With the Seven Years' War underway, Solebay was sent to serve on the east coast of Scotland to deter smuggling and defend against privateers. Captain Robert Craig replaced Fergussone on 4 January 1757. Whilst on a cruise in April, Solebay chased the French 10-gun privateer Chevalier Bart from the Firth of Forth to the River Tyne over thirty-six hours. Chevalier Bart threw her guns overboard in an attempt to escape, but surrendered on 24 April. The captured men were landed at Leith and imprisoned in Edinburgh Castle, the first prisoners of war to be held there. Solebay spent June and July on patrol from Leith to Cape Wrath, after which on 30 July James Cook joined the ship as her master. Solebay then commenced another patrol, leaving on 2 August and arriving at Lerwick a week later. After spending some time off Aberdeen, she returned to Leith on 30 August having searched only two vessels which were probably whalers travelling to Greenland. Cook left Solebay on 7 September.

Solebay was operating off the Firth of Forth on 26 May 1758, accompanying two ships with the 24-gun frigate HMS Dolphin. Off Red Head, Angus, they were attacked by the French 44-gun frigate Maréchal de Belleisle commanded by Commodore François Thurot, who had mistaken Solebay and Dolphin for merchant ships. The British vessels had at the time been searching for Thurot. Dolphin engaged Maréchal de Belleisle first, ninety minutes before Solebay could do the same, but fell back after receiving damage to her rigging. The French vessel fired high into the British ships, while in return Solebay and Dolphin fired at Maréchal de Belleisles hull. After making repairs Dolphin supported Solebays attacks on the French warship. The battle lasted for three and a half hours until, badly damaged, Thurot retreated towards Norway.

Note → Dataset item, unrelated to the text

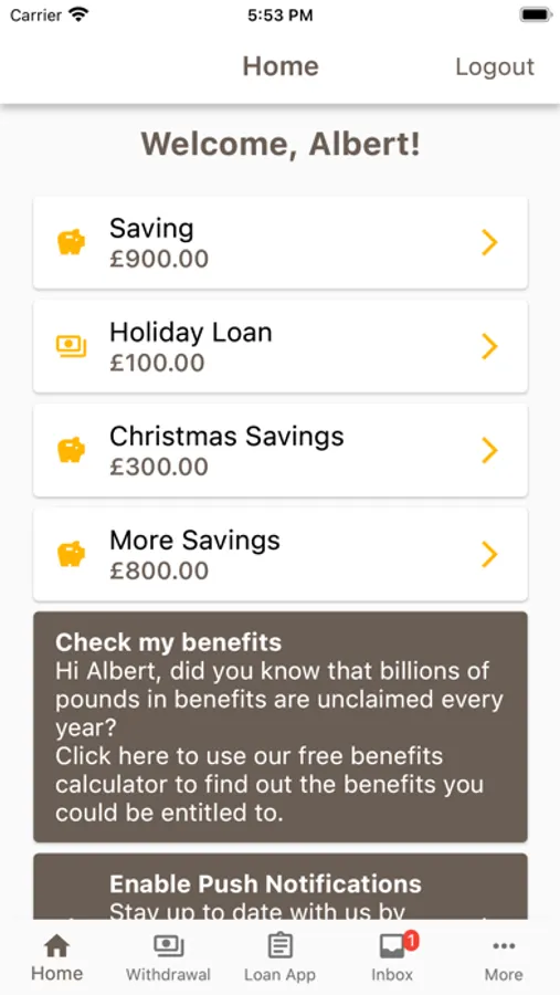 You can view your accounts and their balances, request withdrawals, and search your transactions and use biometrics!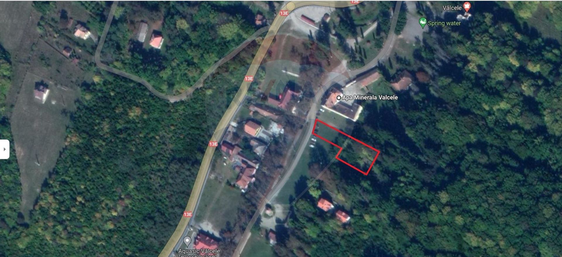 Suprafață terenului este de 1313 mp și se află între clădirea Apă Minerală Vâlcele; promenadă și parcul central. Terenul are deschidere la 2 drumuri, str. Băii și un drum de servitute pentru alte două imobile. În apropierea terenul se află linia de înalta tensiune, astfel curentul se poate trage foarte ușor pe proprietate.

During the engagement Craig was shot in the throat by a musket ball, which possibly forced his retirement from the navy. Solebay had eighteen men killed and wounded, and according to a French account of the battle only stopped attacking when a fire started on board. Dolphin had a further sixteen casualties, while Maréchal de Belleisle had eighty. Both British ships had badly damaged rigging and masts and were unable to chase the Frenchman, choosing instead to return to Leith. The naval historian Jean-Claude Castex argues that the battle was unsuccessful for the British, as privateer attacks subsequently worsened.

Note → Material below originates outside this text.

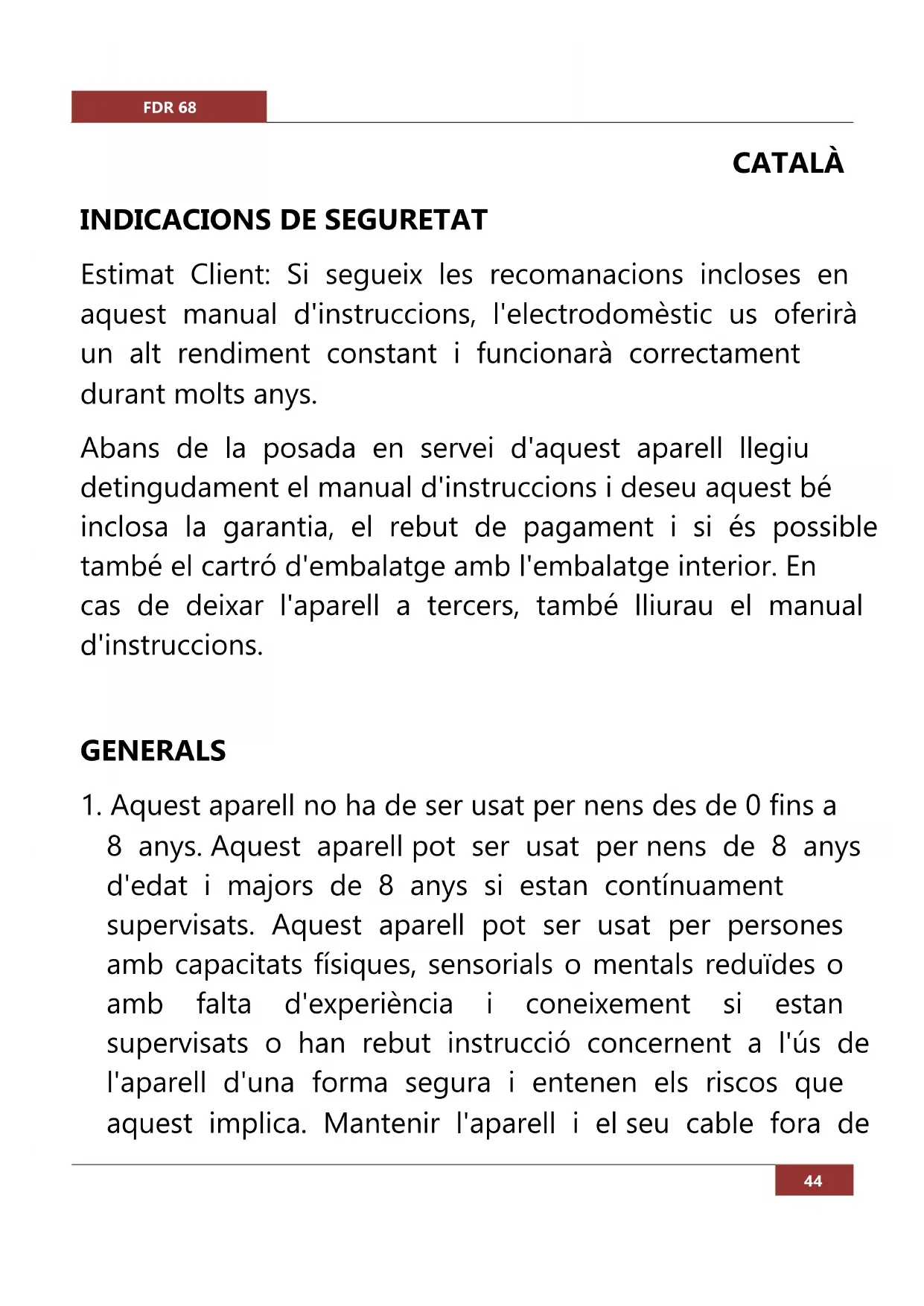 8 anys. Aquest aparell pot ser usat per nens de 8 anys d'edat i majors de 8 anys si estan contínuament supervisats. Aquest aparell pot ser usat per persones amb capacitats físiques, sensorials o mentals reduïdes o amb falta d'experiència i coneixement si estan supervisats o han rebut instrucció concernent a l'ús de l'aparell d'una forma segura i entenen els riscos que aquest implica. Mantenir l'aparell i el seu cable fora deFDR 68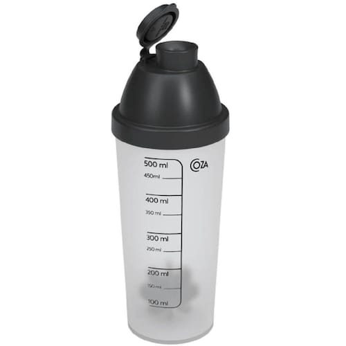 - Especificações técnicas: a Shakeira 500 ml Linha Nutri/Coza é fabricada em polipropileno com estrutura transparente, misturador e tampa em Preto Coza. Suas dimensões têm 8,6 cm de diâmetro e 21,3 cm de altura. A Shakeira da Coza pode ser levada ao freezer ou lava-louças.

Captain John Dalrymple took command of Solebay in October, and in the following year the ship formed part of Commodore Sir Peircy Brett's squadron on the Downs Station. Solebay encountered the French 18-gun privateer Chevrette on 31 January 1761 while patrolling off Calais alongside the 26-gun frigate HMS Amazon. The French vessel sought protection beneath a gun battery overlooking the cliffs, but Solebay and Amazon continued to chase, forcing Chevrette to run herself ashore. The crew surrendered and the privateer was floated off by her captors. On 3 July 1762 Dalrymple was replaced in command by Captain John Wilson. Cruising in what the naval historian Rif Winfield describes as "Home waters", Solebay served until the end of the war in 1763.

==Post-naval service==
The ship was surveyed by the Admiralty on 16 February 1763 and sold at Woolwich Dockyard on 15 March to Charles Dingley. He kept the name Solebay and refitted the vessel as a merchant ship. On 22 February 1764 she was taken up by the British East India Company (EIC) to be stationed in Bengal and sailed on 29 May for Madagascar, Bencoolen, and India. In agreement with Dingley, Solebay would be sold locally when her EIC duties were completed. To Bencoolen Solebay brought recruits for the company's settlement and slaves purchased from Madagascar. She then sailed for Fort William, arriving there on 22 September 1765, where she embarked 117 sepoys to convey to Bombay. Solebay was last recorded as being sold to local Indian buyers in the same year.